🤖 AI Summary
This study addresses the loss of statistical power in existing methods for heterogeneous discrete data, which arises from the unrealistic assumption that p-values follow a uniform distribution under the null, leading to overestimation of false discoveries. To overcome this limitation, the authors propose a novel approach for constructing false discovery confidence envelopes tailored to such data.
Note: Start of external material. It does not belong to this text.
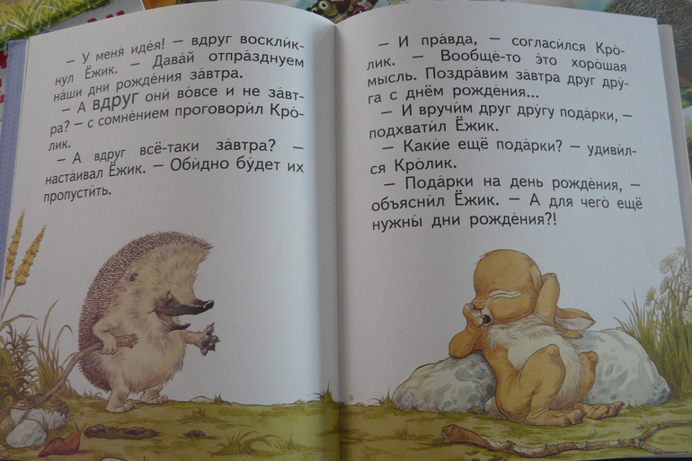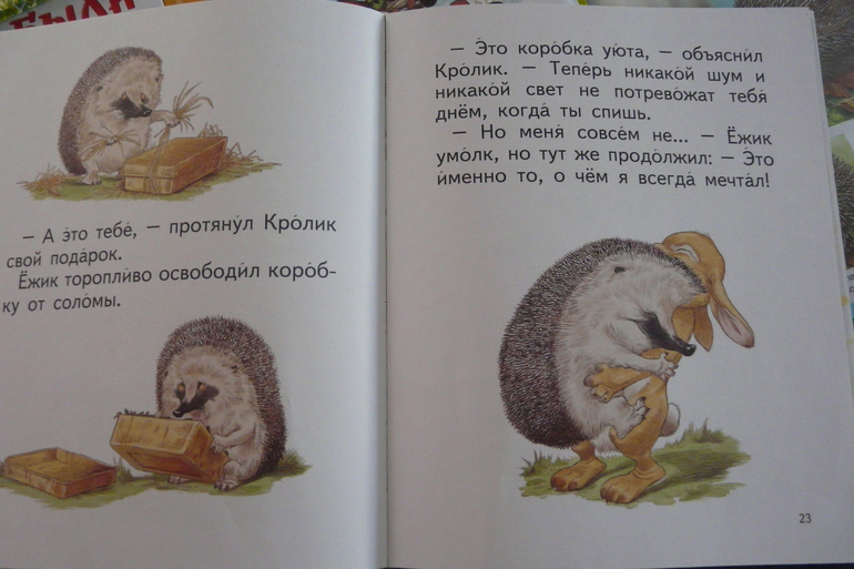 "Сказки о ёжики и кролике" нежно любим.Трогательные истории о дружбе.Иллюстрации специфические:) особенно ежик:(. Но все равно книгу всегда рекомендую.Отличный крупный шрифт и добрые истории
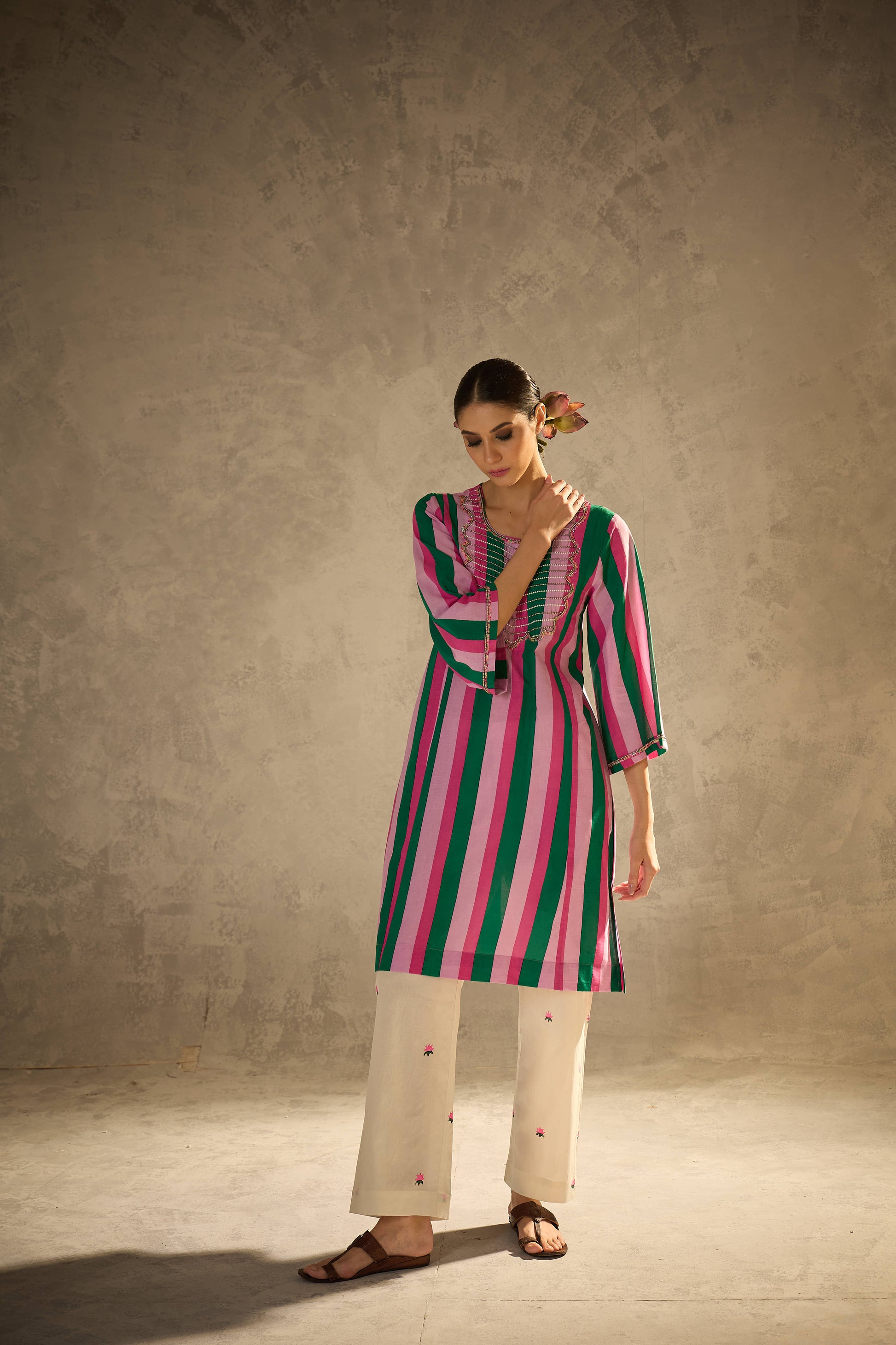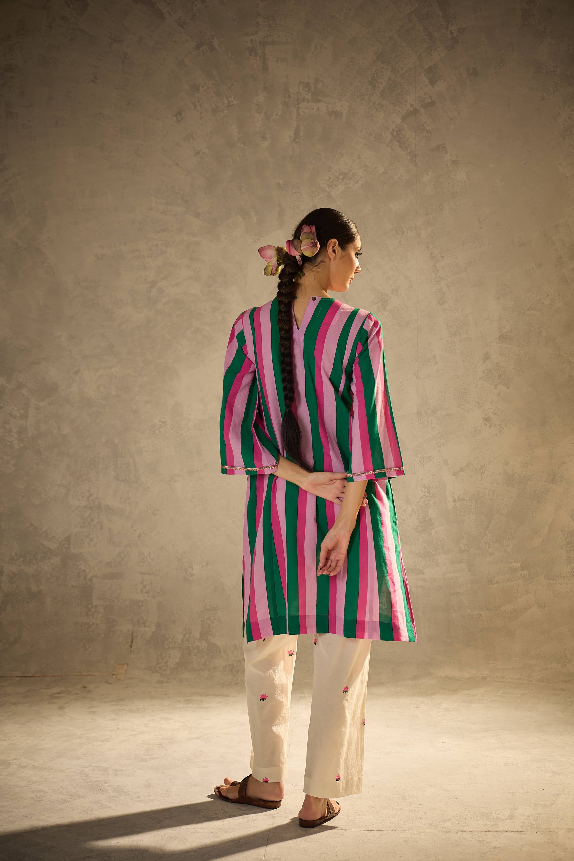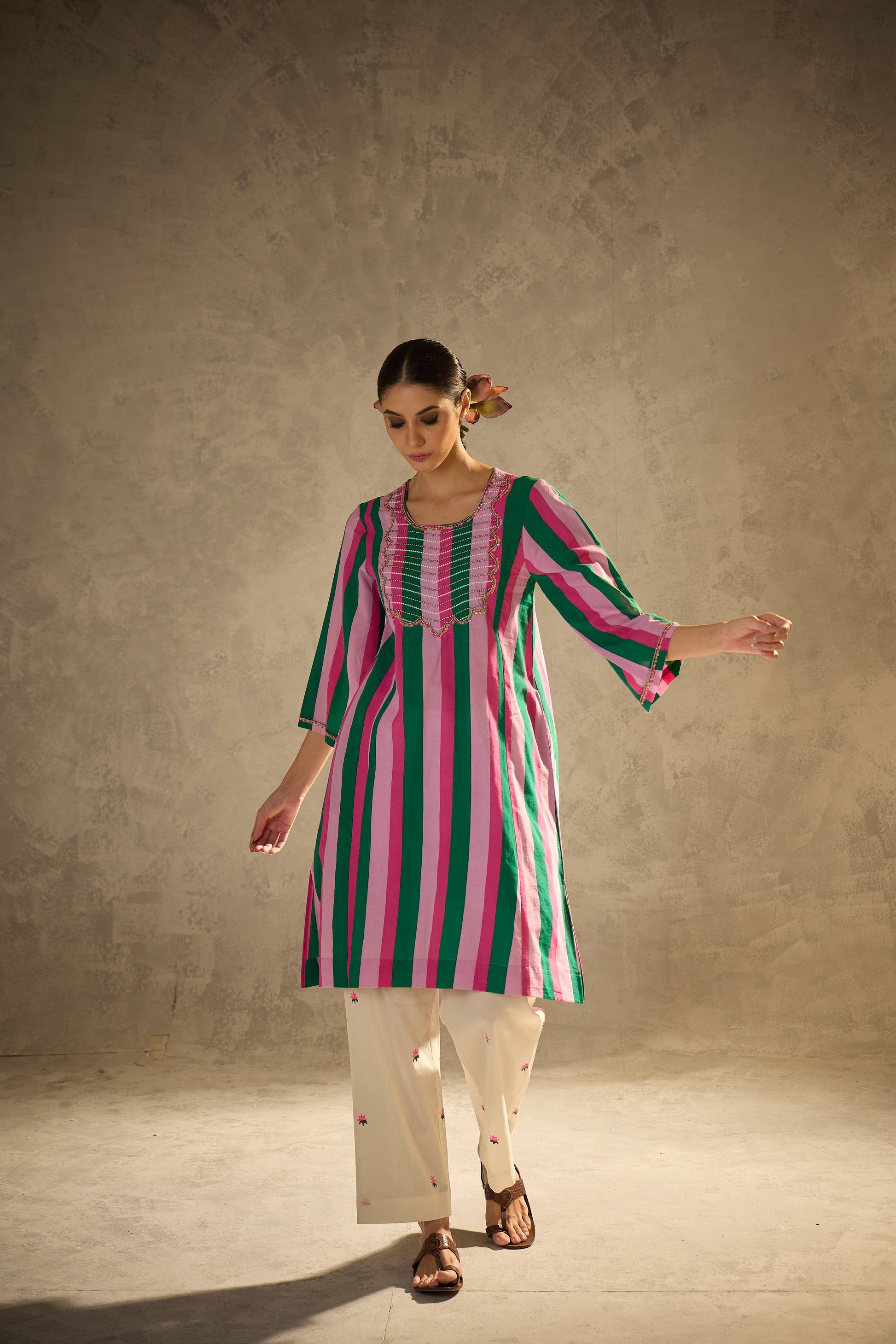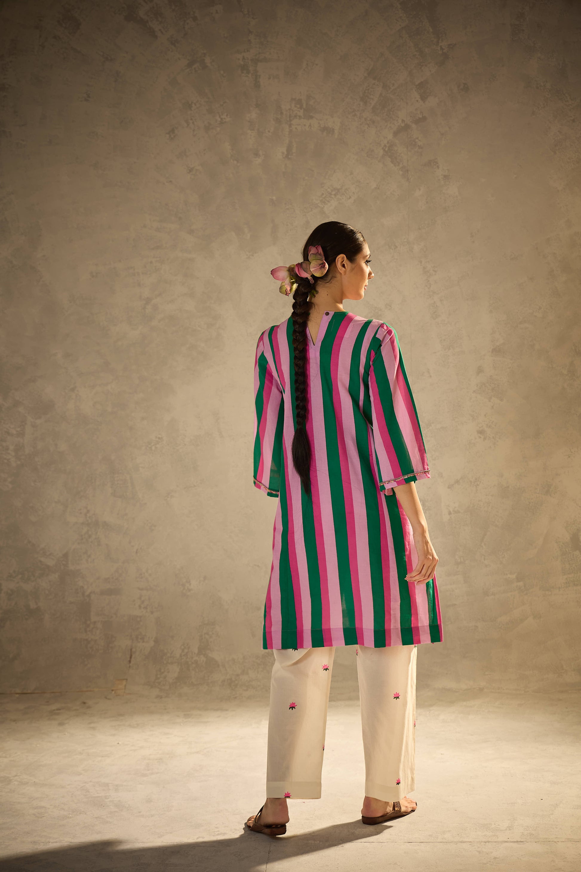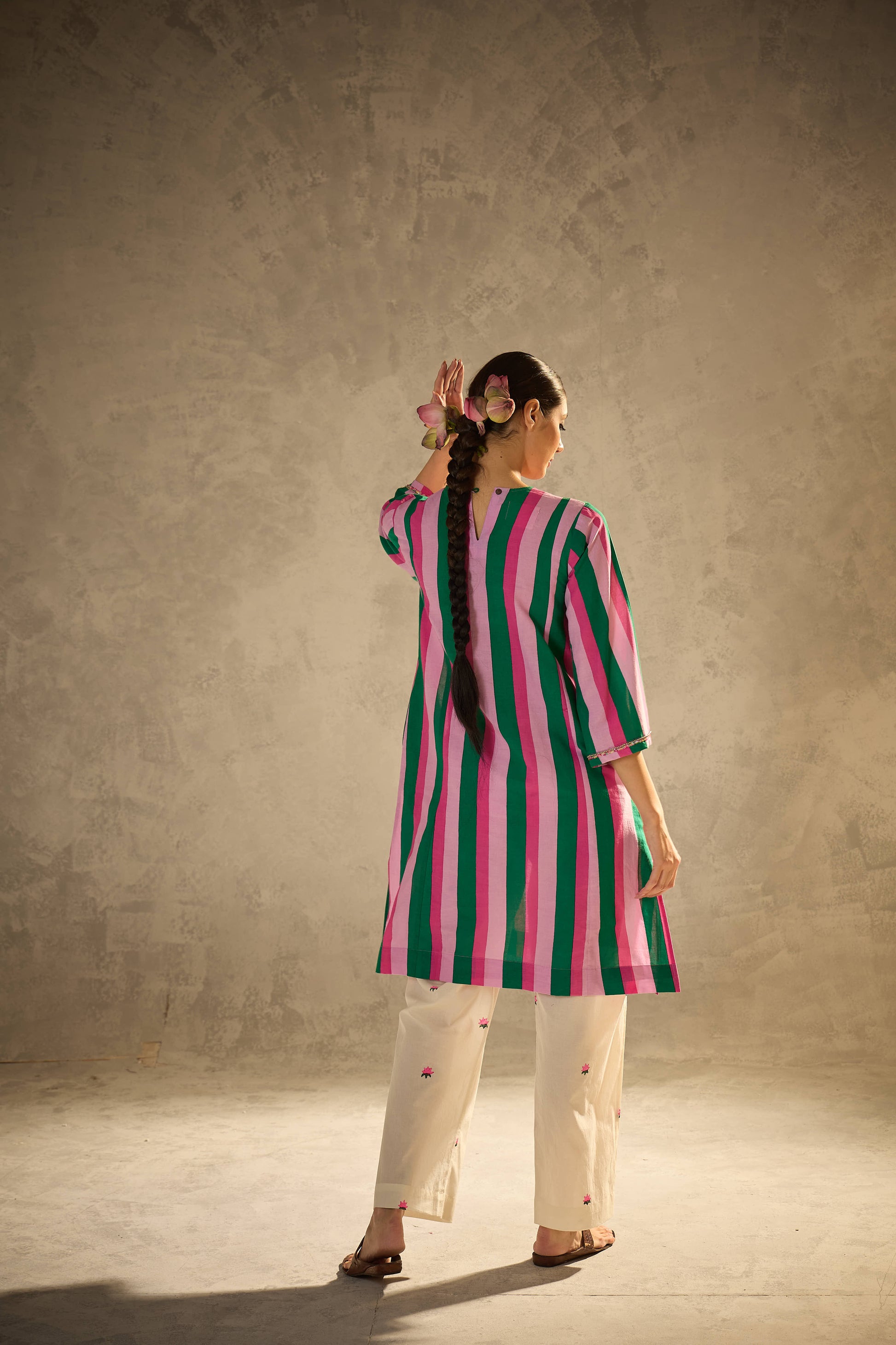 Crafted in soft, breathable cotton-cambric, this kurta set features playful stripes and rich embellishment. The kurta boasts intricate sequin and bead work on the yoke and sleeves. The pants are straight-cut with delicate lotus block prints.

By extending the framework developed for homogeneous settings, the method integrates a family of local tests with a path interpolation strategy and leverages new theoretical tools based on the Bretagnolle inequality and a refined Simes inequality to properly accommodate the heterogeneity in p-value distributions. Simulation studies demonstrate that the proposed method achieves more accurate control of the number of false discoveries and substantially improves statistical power compared to conventional homogeneous approaches.
📝 Abstract
In the context of selective inference, confidence envelopes for the false discoveries allow the user to select any subset of null hypotheses while having a statistical guarantee on the number of false discoveries in the selected set. Many constructions of such envelopes have been proposed recently, using local test families (Genovese and Wasserman, 2006; Goeman and Solari, 2011), paths (Katsevich and Ramdas, 2020) or interpolation (Blanchard et al., 2020a). All those methods have in common that they have been well-studied for the homogeneous case where all p-values under the null have a uniform distribution over [0, 1]. However, in many applications the data are heterogeneous and discrete, hence the p-values have heterogeneous, discrete distributions, and the previous constructions may incur a loss of power, in the sense that they over-estimate the number of false discoveries. In this paper, we bridge the previous constructions under the homogeneous case with new tools. We also apply these tools to propose several confidence envelopes based on tools tailored for heterogeneous data, like the Bretagnolle inequality, or a new variant of the Simes inequality. We compare these new envelopes to their homogeneous counterparts on simulated data.